Exercise brief: Return the listing below unchanged, but without pictures.

Source material:
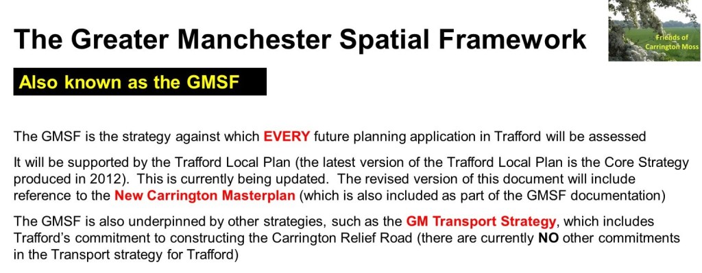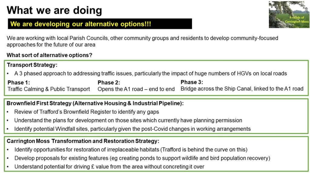 At our public meeting on 28th December 2020, we provided an update on the latest information we have about the GMSF, Trafford’s Local Plan and our alternative strategies for Carrington Moss. We recorded the presentation and you can listen to it on the button below.
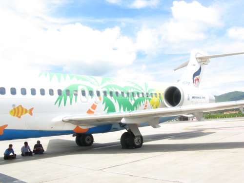 Unser Flugzeug, übrigens mit sehr tollem "Star Alliance" Design und nicht in den bunten Thaifarben. Und man bekommt nicht bei jedem Flug mit Thai Orchideen, wir sie ankündigen, nur wenn man Glück hat. Wir hatten zwei mal keines. Sie wären und weiblichen Fluggästen das schuldig gewesen. Schließlich dürfen wir auch keine Mönche anfassen. :-)
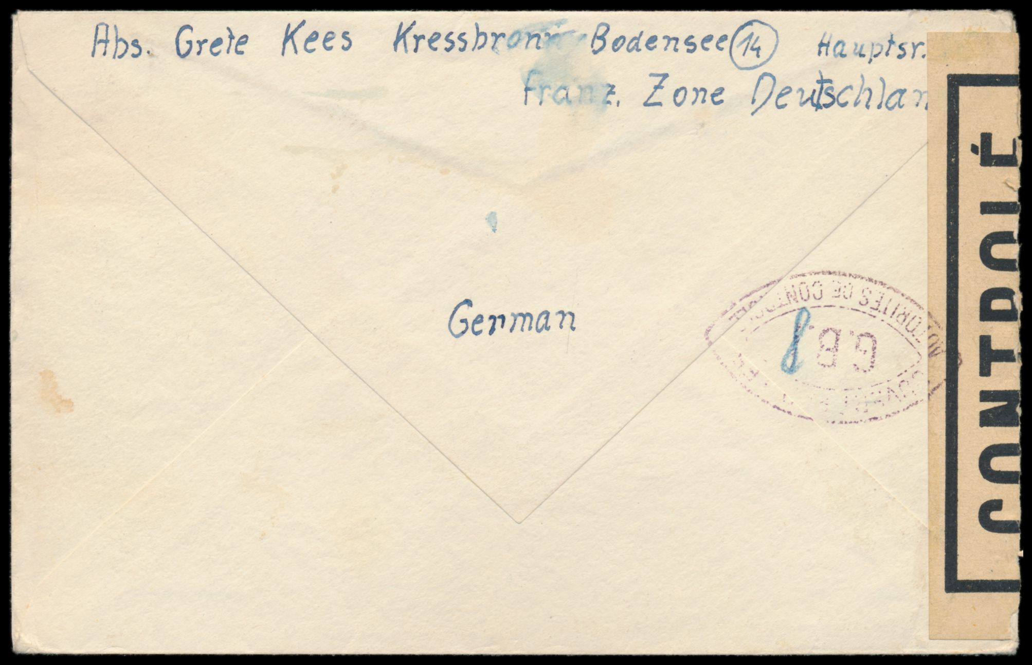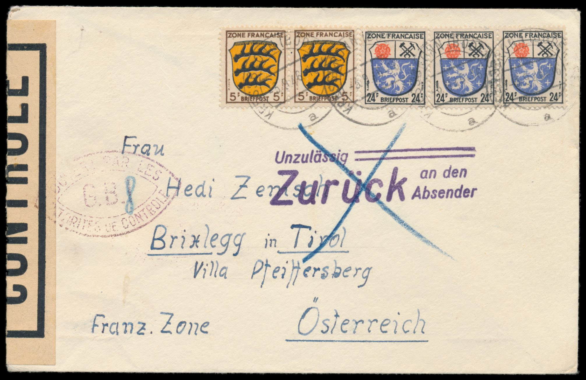 Zensurstelle Lindau, Auslandsbrief mit Allgemeine Ausgabe 2 x 5 Pf. und 3 x 24 Pf. nach Österreich, Stempel Kressbronn (Bodensee) 3.9.46, links beiger Verschlußzettel Controlé mit Rahmen (Handbuch Typ 22) und beidseitig violetter Doppelspitzovalstempel Ouvert ... G.B.I. (Typ II) mit handschriftlicher Abänderung des "I" in "8", violetter Beanstandungsstempel Unzulässig / Zurück / an den / Absender wieder durchgestrichen , Bedarf

Solution below:
 At our public meeting on 28th December 2020, we provided an update on the latest information we have about the GMSF, Trafford’s Local Plan and our alternative strategies for Carrington Moss. We recorded the presentation and you can listen to it on the button below.
 Unser Flugzeug, übrigens mit sehr tollem "Star Alliance" Design und nicht in den bunten Thaifarben. Und man bekommt nicht bei jedem Flug mit Thai Orchideen, wir sie ankündigen, nur wenn man Glück hat. Wir hatten zwei mal keines. Sie wären und weiblichen Fluggästen das schuldig gewesen. Schließlich dürfen wir auch keine Mönche anfassen. :-)
 Zensurstelle Lindau, Auslandsbrief mit Allgemeine Ausgabe 2 x 5 Pf. und 3 x 24 Pf. nach Österreich, Stempel Kressbronn (Bodensee) 3.9.46, links beiger Verschlußzettel Controlé mit Rahmen (Handbuch Typ 22) und beidseitig violetter Doppelspitzovalstempel Ouvert ... G.B.I. (Typ II) mit handschriftlicher Abänderung des "I" in "8", violetter Beanstandungsstempel Unzulässig / Zurück / an den / Absender wieder durchgestrichen , Bedarf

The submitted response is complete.